» PROBLEM REQUIREMENTS
In the entries that follow, find the line containing "スイーツプレートのデザインは、紅葉柄でご用意します。" and the line containing "Uczniowie obejrzeli filmik", then copy exactly everything from the first through the second except the pictures.

» GIVEN DATA
****
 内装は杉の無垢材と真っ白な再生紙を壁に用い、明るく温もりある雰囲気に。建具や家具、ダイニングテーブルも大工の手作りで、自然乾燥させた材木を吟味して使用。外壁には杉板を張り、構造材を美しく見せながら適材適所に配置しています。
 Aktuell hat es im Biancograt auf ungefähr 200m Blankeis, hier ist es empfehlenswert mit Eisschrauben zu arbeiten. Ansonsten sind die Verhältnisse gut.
****
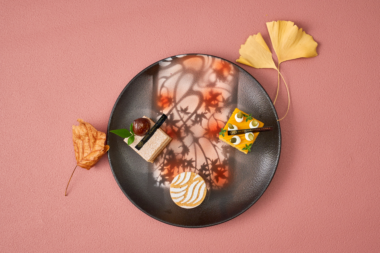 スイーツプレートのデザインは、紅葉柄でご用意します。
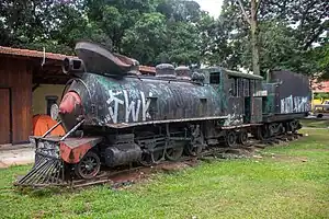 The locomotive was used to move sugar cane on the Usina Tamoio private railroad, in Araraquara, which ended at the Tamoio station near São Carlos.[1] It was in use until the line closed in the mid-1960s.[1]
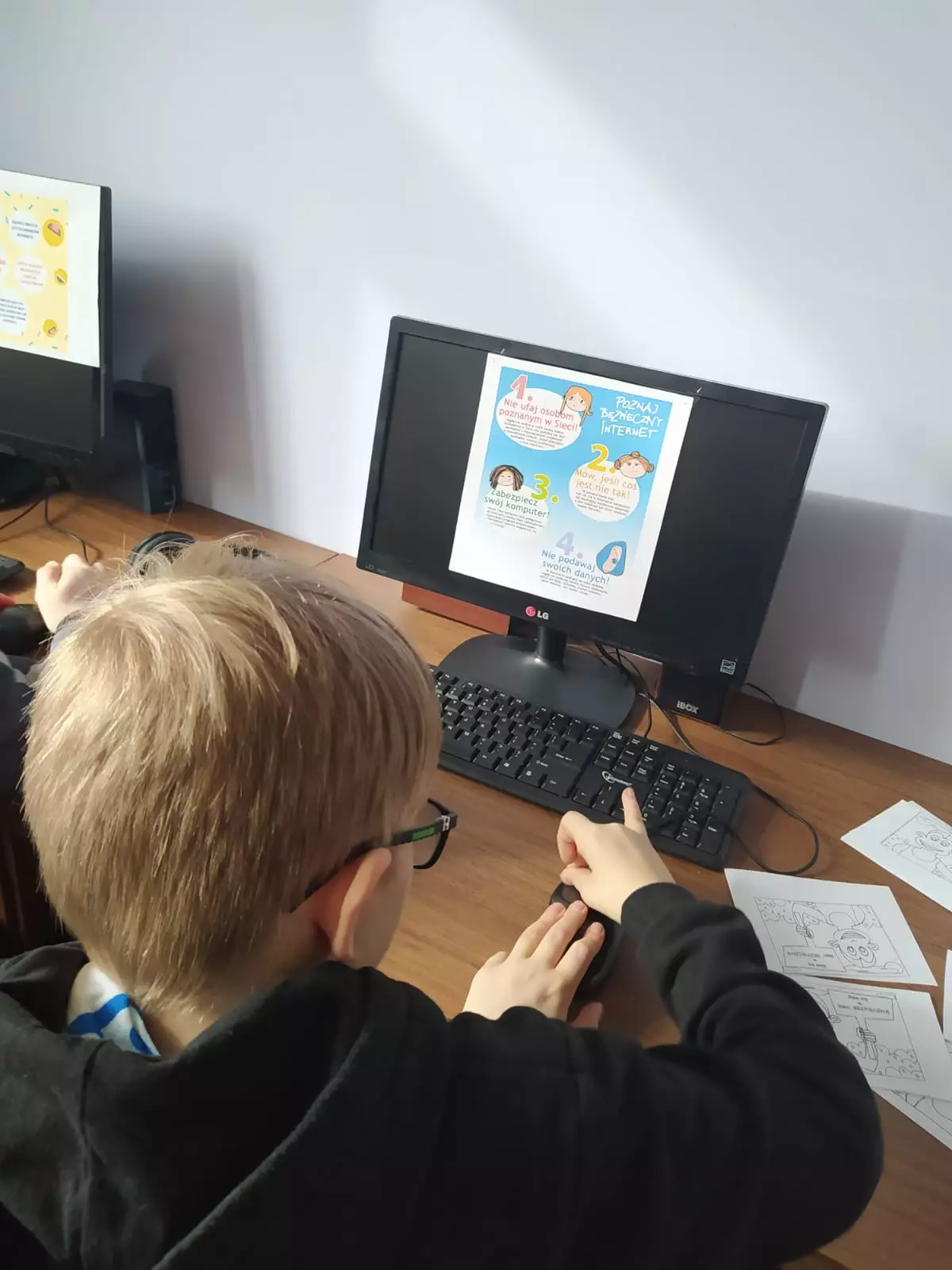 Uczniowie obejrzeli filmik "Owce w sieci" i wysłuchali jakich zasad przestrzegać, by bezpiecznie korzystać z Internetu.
****
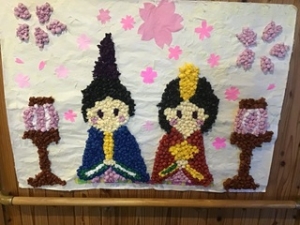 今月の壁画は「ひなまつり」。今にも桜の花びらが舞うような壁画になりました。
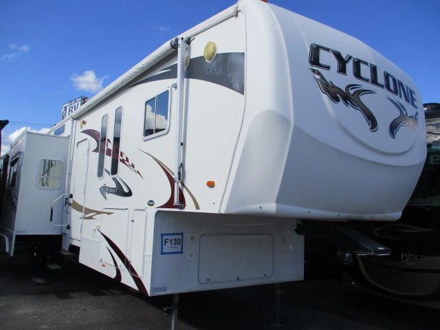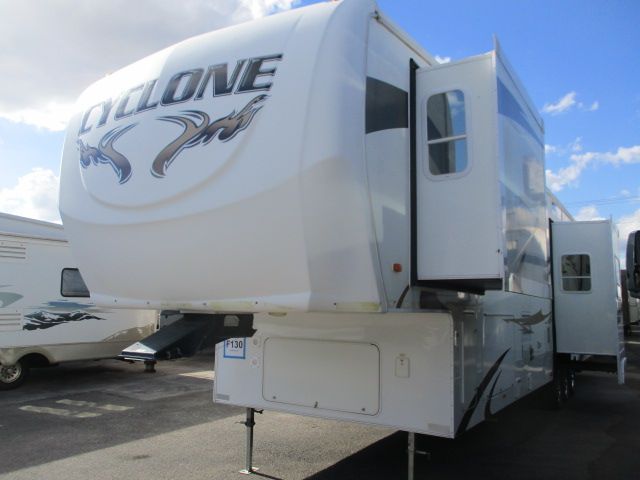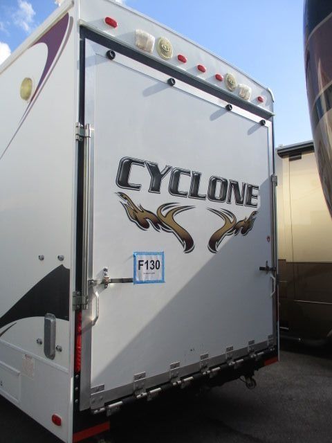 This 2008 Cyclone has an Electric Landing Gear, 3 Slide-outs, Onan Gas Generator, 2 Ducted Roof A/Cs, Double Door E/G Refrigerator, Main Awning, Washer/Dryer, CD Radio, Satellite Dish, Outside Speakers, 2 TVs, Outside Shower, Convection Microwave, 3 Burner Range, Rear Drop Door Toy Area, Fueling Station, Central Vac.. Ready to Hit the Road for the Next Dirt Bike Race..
****
» EXERCISE OUTPUT
 スイーツプレートのデザインは、紅葉柄でご用意します。
 The locomotive was used to move sugar cane on the Usina Tamoio private railroad, in Araraquara, which ended at the Tamoio station near São Carlos.[1] It was in use until the line closed in the mid-1960s.[1]
 Uczniowie obejrzeli filmik "Owce w sieci" i wysłuchali jakich zasad przestrzegać, by bezpiecznie korzystać z Internetu.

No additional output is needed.